We’re physically alive

but we give up living.

Nothing in our minds,

our hearts are wilting.

Decaying in the dark,

no light in our eyes.


Can’t you find a remedy,

please take away 

all of my memories.

I think that would truly

be the best for me.


I’ll die if I remember,

my heart surrenders.


Saturday, 6 January 2018

My Silent Heart

Oh, there she is.

What do I say?

Should I try today?

No. I can’t.


I’m too nervous.

I’m nobody.

She’s perfect,

I’m not even worth it.


What do I do?

She’s so cute,

what do I do?

Tell her the truth?


She wouldn’t acknowledge me,

She’d brush me aside like I was dirt.

A few words define my worth,

and I’m actually scared of

the words that she’ll return.


“I don’t like you”

“You’re ugly”

The words of truth,

I’ve heard my entire life

And never hidden from me.


Yet why do I like her,

she stands out in my eyes.

It’s not her velvet hair,

Or her sapphire eyes,

Nor her beautiful smile.


How would I know unless I try,

but I’m scared of rejection.

I always have been, 

I usually push my feelings aside

and continue with reflections

and those unreal dreams.


I will never be able to share my feelings,

My heart is now used to bleeding.

My thoughts inside my head are screaming,

and the devil’s whispers, “keep on dreaming”
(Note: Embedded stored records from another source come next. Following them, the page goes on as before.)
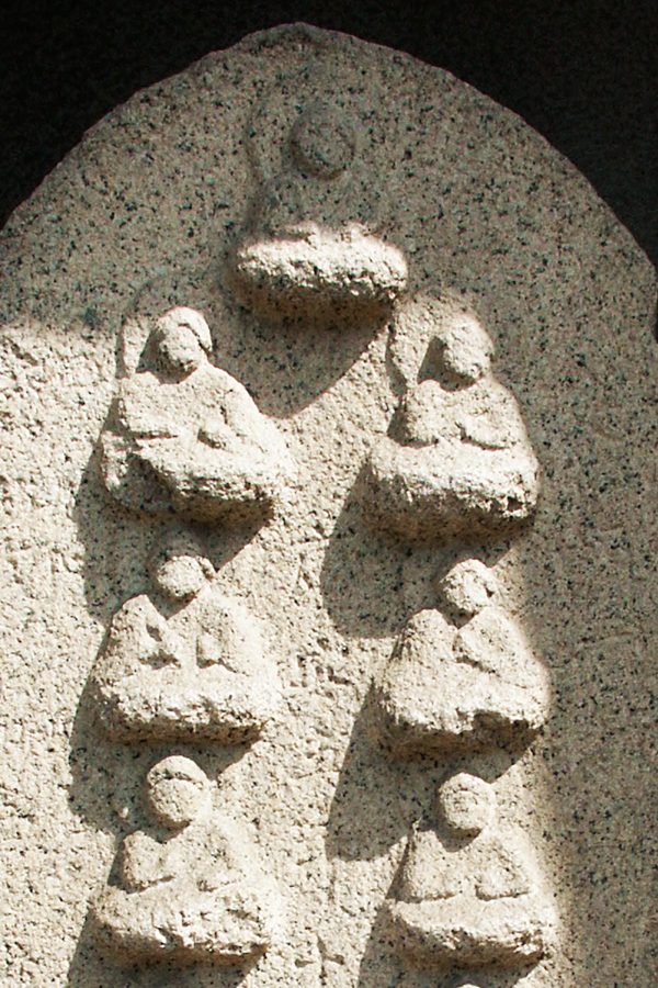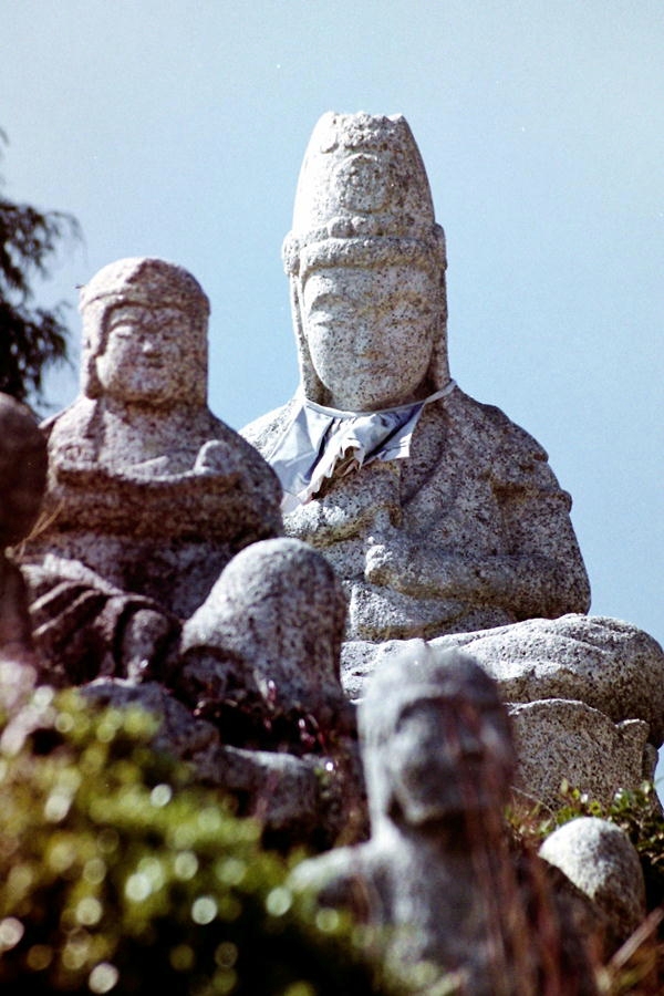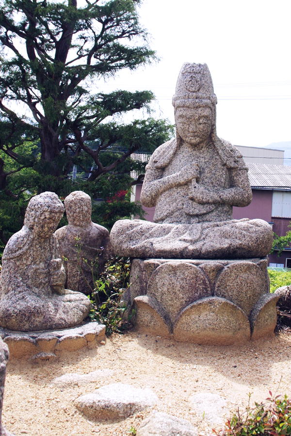 | JR呉線の忠海駅を下車し、北西に10分ほど歩くと地蔵禅院という寺がある。その寺の横手が黒滝山の登山口である。約30分ほどで山頂に達する。この登山道に沿って西国三十三観音磨崖仏が岩肌に彫られている。十三仏は黒滝山中腹の登山道脇にある。山型の自然石の表面を平らにして十三の仏が、一番上の4段目に2体、3段目に5体、2段目と1段目にそれぞれ3体、半肉彫りされている。ふっくらとした願容のかわいらしい十三仏である。(石造十三仏碑は一番上に一体(虚空蔵菩薩)をその下に残りの十二仏を4段に各3体、もしくは3段に4体を配置するのが一般的である。)側面に昭和五年の紀年銘がある。 | ||
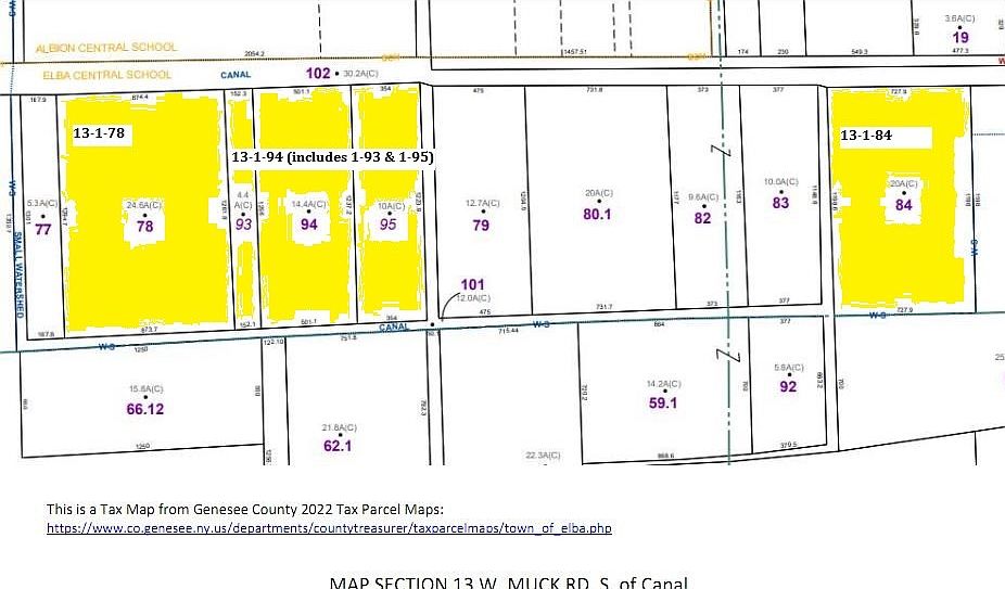 This listing consists of parcels located SOUTH of the Muck Canal. The acreage quoted is for the combined parcels. The taxes quoted are for the combined parcels and are the true taxes. Owner has an AG DIST-CO exemption on these parcels and pays less. See the attachment showing the individual approximate acres, true and billed taxes, assessed values, tillable acres and wooded acres for each parcel. This offering consists of 3 different tax account #s 13.-1-78; 13.-1-84; & 13.-1-94 (which consists of combined parcels 13-1-94; -1-93; & -1-95). There is more acreage available - See ML#s R1457184 (W. Muck Rd. (N.of the Muck Canal]); R1457186 (Spoil Bank Rd.) & R1457178 (Oak Orchard Rd.)
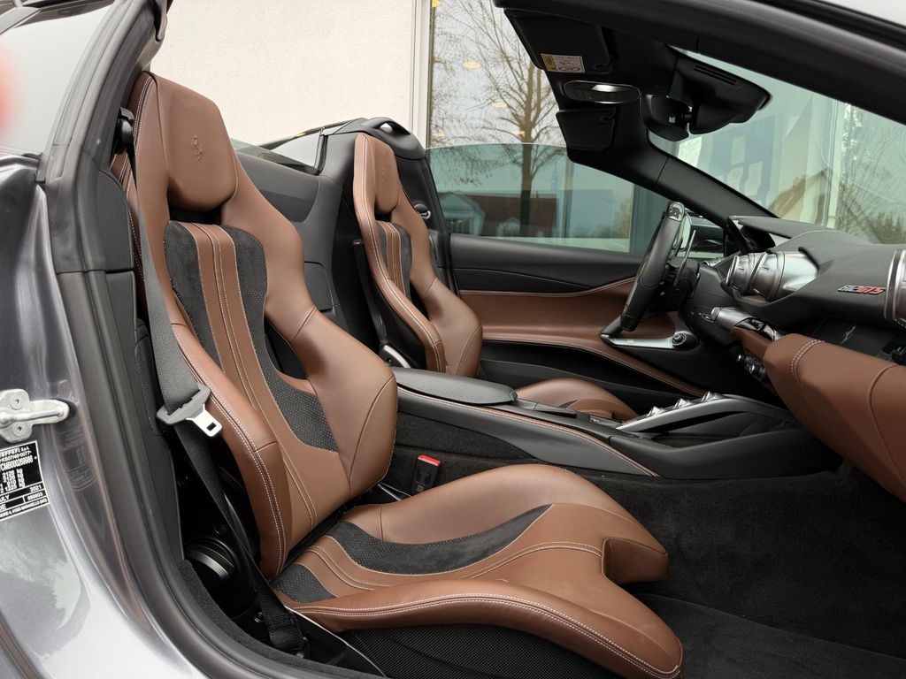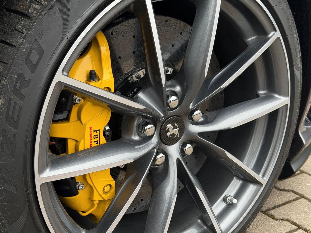 Sonderlackierung Extracampionario, Innenausstattung in Cioccolato, Teppiche Nero 152, Carbon-Racing-Sitze (Large), Alcantara-Dachhimmel Nero 9440, Carbon-Zone am Fahrerplatz inkl. LED-Beleuchtung, schwarze Lüftungsdüsen, spezielle Kontrastnähte (Cuciture speciali, Grigio Scuro 0318), gelber Drehzahlmesser, Beifahrerdisplay, Apple CarPlay, aufgewertetes HiFi-Soundsystem, Lift-System für die Vorderachse, elektrische Heckklappe, adaptive LED-Scheinwerfer mit SBL-Funktion, Advanced Front Driving Camera, Parkkamera, 20” geschmiedete Diamant-Felgen, gelbe Bremssättel, Scuderia Ferrari Embleme auf den Kotflügeln.

I can only share a glance, 

but never take the chance.

I can only look at you,

but you’ll never know the truth.

I can only just write these poems,

but will you ever read them?









Sunday, 31 December 2017

Drowning

The ink to my pen is the pool of emotions I drown in,

and it was in that grasp of shadow that life had found me.

No one has yet heard the screams that my heart has sounded,

deafened by the world and veils by which they’re surrounded.


I was once living my life, you could hear my heart pounding,

my arteries marvelled at my heart’s coronation and crowning.

It once belonged upon a throne before being forced around it,

and the echo of that subjugation was definitely the loudest.


It was the grasp of darkness that had bound me.

no longer able to freely fly, my soul was kept grounded.

It was in that river of regret and misery that I was drowning,

all that is left is the silhouette of my identity left screaming and howling.